Similarly, mitochondrial DNA, or mtDNA, is used by direct-to-consumer DNA tests to trace your direct maternal lineage and determine maternal haplogroups. While most DNA lives in your cells' nuclei, mtDNA lives in the mitochondria. Mitochondria are the cells' powerhouses – their 37 genes are necessary for cellular energy production and respiration.
Previous research suggested that mtDNA is inherited directly from your mother, but a recent study found that biparental mtDNA may be more common. This discovery may affect maternal haplogroup testing in DNA tests in the future, but for now, it’s safe to assume your results are correct.
Genotyping and sequencing
Most of the services we tested use genotyping to read your DNA. Genotyping looks for specific markers in your genetic code.
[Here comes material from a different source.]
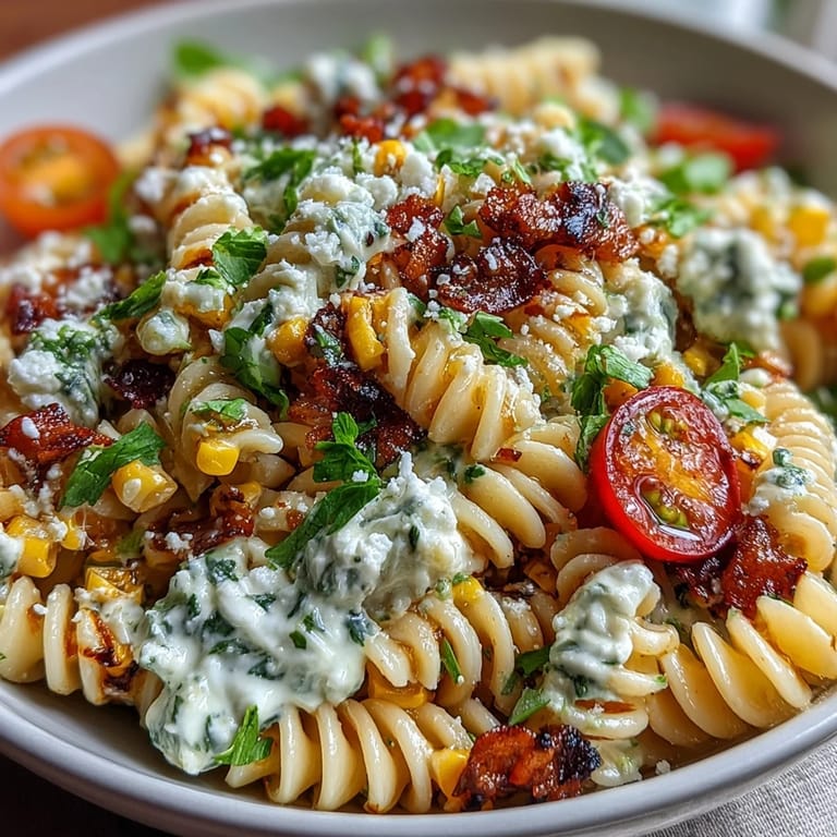 Pin I discovered this pasta salad on a sweltering afternoon when my neighbor brought over fresh corn from the farmers market and challenged me to do something beyond the usual street corn. While charring those kernels in a hot skillet, the kitchen filled with this incredible toasted sweetness that made me rethink everything I thought I knew about corn salads. That first bite—tangy lime, creamy without mayo, cotija cheese crumbling on my tongue—felt like a revelation. Now it's what I make whenever someone asks what's for dinner and the weather won't stop being unbearably hot.
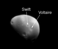 Станом на 2019 рік на Деймосі тільки дві деталі поверхні мають власні імена. Це кратери Свіфт (діаметром 1 км) і Вольтер (1,9 км). Вони названі на честь письменників (Джонатана Свіфта й Вольтера), які передбачили існування в Марса двох супутників ще до їхнього відкриття. Обидва кратери отримали назви у 1973 році[9][10].

For something like ancestry testing, genotyping is effective because it identifies known variants in your DNA. Scientifically speaking, genotyping’s weakness is that it can only recognize previously identified markers.
This is one reason DNA tests’ accuracy relies so heavily on the DNA database size; there must be enough information available and identified genetic variants in the database to recognize new customers’ markers.
A few of the DNA tests we tested, including the National Geographic Geno 2.0, use genetic sequencing instead of genotyping. Sequencing is newer in the mainstream direct-to-consumer DNA testing market, as it used to cost more and take much longer to sequence a person’s DNA.
Sequencing identifies the exact makeup of a certain piece of DNA – be it a short segment or the whole genome. The Helix tests sequence the Exome, which are the parts of the genome responsible for protein production, plus several other regions of interest.
DNA sequencing gives more information overall and has more uses in medical testing than genotyping. In the future, more DNA kits may move from genotyping to DNA sequencing as the technology gets cheaper and faster, but for now, both are effective ways to look into your geographic ancestry.